Propeller Slip

Calculate Propeller Slip: RPM div by GEAR RATIO x PITCH div by 1056 = Theoretical Speed. Then you divide the customers actual (gps) speed by the Theoretical speed to get propeller efficiency. For Example:  5500 div by 2.07 x 20 div by 1056 = 50.23mph. If customer speed is 44.00mph the propeller efficiency is 87.59% or 12.41% propeller slip.

Pitch Selection: customer is under reving (5000 rpms) with a 19 pitch prop on a 4/stroke motor, short 1000 rpms from achieving 6000 rpms. Divide 5000 by 6000 and you get 83.33% or 17% short of wide open throttle range at 6000. Decrease your current pitch prop (19) by 17% and you get a 15.80 pitch prop to achieve 6000 rpms. So that translates into a 16 pitch prop of the same style and manufacture.

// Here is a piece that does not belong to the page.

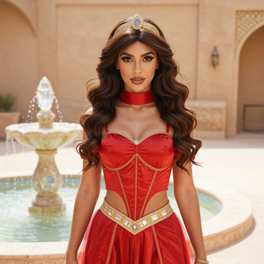 Photorealistic portrait of Princess Jasmine wearing a luxurious red dress costume with a corseted waist and high neck, standing in a vibrant, enchanted desert courtyard with sandstone walls and a crystal fountain, her deep brown eyes sparkling with confidence, long wavy brown hair flowing behind her, and a subtle golden crown resting on her head.
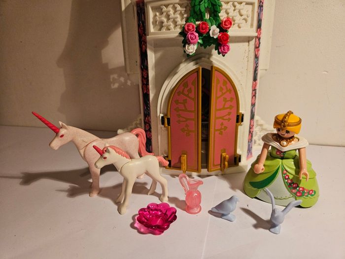 1 Petit château transportable 1 Princesse 2 Licornes 2 Colombes

A general rule: one-inch pitch change equates to about 150 to 200 RPM change.  This rule is pretty solid when applied to the same blade style by the same manufacture.

A general rule: 1/4 inch of diameter change equates to about 150 to 200 RPM change.

Boats with a tunnel generally (i.e. bay & flats style boats) perform better with a 4-blade prop due to the disturbed water flowing to the foot of the motor.

To convert Knots to MPH: KNOTS x 1.15 = MPH

V-bottom heavy offshore boats (3000lbs and up) need diameter (more blade surface) to perform at their best with a 4-blade being the best overall.  (The OFS4R blade style)

Flat bottom boats (Jon boats & flats boats) need a stern lifting propeller. (The SCB, SCD or SCE blade style)​​

​High performance bass boat like the TRO4R, VMX or VMS blade style.

High performance boats (Donzi, Baja, etc) like the OFX blade style.

Pontoon/barge style boats like the WBA, WBH or the WBB blade style.

Stern drive boats like the MQS & OFS blade style.